Singapore, Chile and New Zealand have gone on to establish the Digital Economy Partnership Agreement, or Depa, to harmonise standards and enable trusted flows of data for digital trade.
China has recently indicated its wish to join the CPTPP and Depa, Mr Heng noted, saying this shows how a few determined small states can catalyse change.
He also cited how Singapore has mooted platforms such as the Forum of Small States and Global Governance Group to ensure the voices of smaller countries are heard. It also worked with Switzerland to co-chair the informal Friends of the Covax Facility to help the global effort to ensure equitable access to Covid-19 vaccines.
"No country will be able to recover from this crisis alone," he said. "The purpose is not to form an exclusive bloc to compete with other groups or powers, but to be pathfinders for global change."
A second role for Singapore is to work with its neighbours to keep Asean open, inclusive and outward-looking.
Mr Heng noted that China's economic success has been a boon for the region, and Asean and China are each other's biggest trading partners.

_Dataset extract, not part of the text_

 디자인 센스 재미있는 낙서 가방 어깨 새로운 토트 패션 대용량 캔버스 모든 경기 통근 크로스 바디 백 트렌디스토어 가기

China's Belt and Road Initiative is also an important effort for greater economic integration and mutual gains.
Mr Heng urged the US to boost its economic engagement in the region, noting that its security presence had brought stability and peace. For this to continue, the US cannot afford to be absent from the region's evolving economic architecture, he added.

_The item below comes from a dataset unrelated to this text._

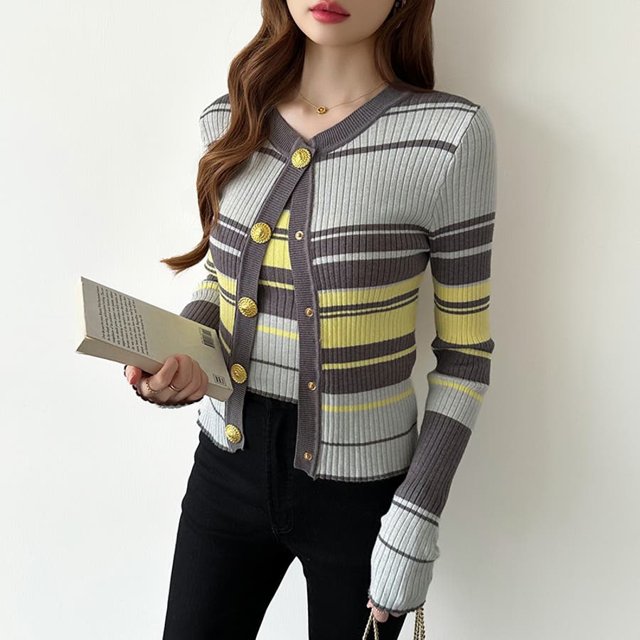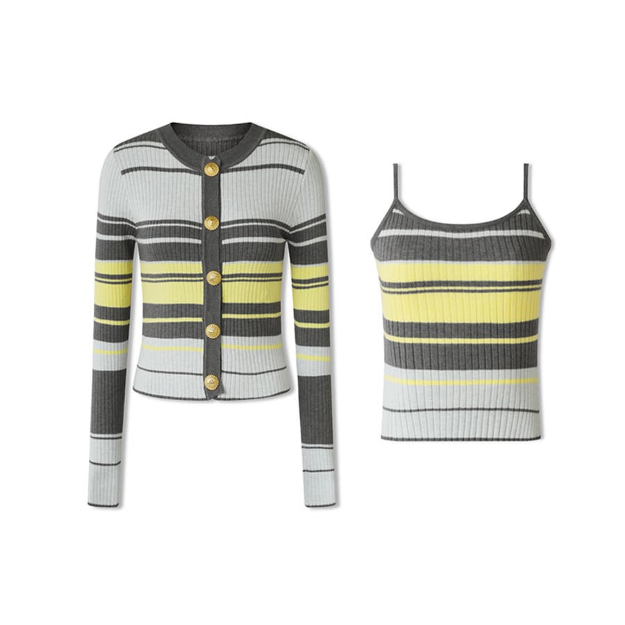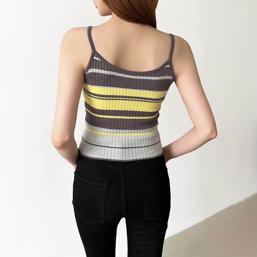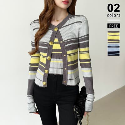 カーディガンとキャミソールの アンサンブルニット。 マルチボーダー柄が上品に映え ショート丈がすっきりとした シルエットに。 金ボタンがアクセントになり カジュアルながらも大人の 華やかさをプラス。カジュアルにも フェミニンにも寄り添うアイテム。

It is also important for Asean to maintain its credibility, he added, saying its position on Myanmar shows the grouping can hold its own against external pressure.
"We have taken a principled position to forge consensus, and urge other countries to do likewise," he said.
Thirdly, Singapore must continue to improve the lives of its people and ensure the spoils of globalisation are equitably shared.
Mr Heng noted that support for globalisation has waned around the world because its benefits are not well distributed within and across economies, and the resulting domestic disgruntlement has hampered the ability of governments to strike the deals needed for reforms to the multilateral system.
For Singapore to continue improving its people's lives, the only way is to stay open and remain useful and relevant to the world. This means adapting the economy and helping workers gain the skills to compete, he said.
"We must continue to attract the best talent from around the world to complement our local workforce, and welcome those who share our conviction and values to settle here," he added.
"The more Singaporeans are with us on globalisation and the more united we are as a nation, the better we can chart our future with confidence, while contributing to the global commons, including in the fight against Covid-19."
Calling on MFA officers and diplomats here to continue to push the boundaries of cooperation, Mr Heng said: "Political, economic and technological disruptions have strained global stability in this age of complexity. Covid-19 has piled on the pressure. So, too, the intensifying strategic competition between the US and China.
"But in every crisis, there is opportunity. We must partner one another to ensure continued prosperity and growth."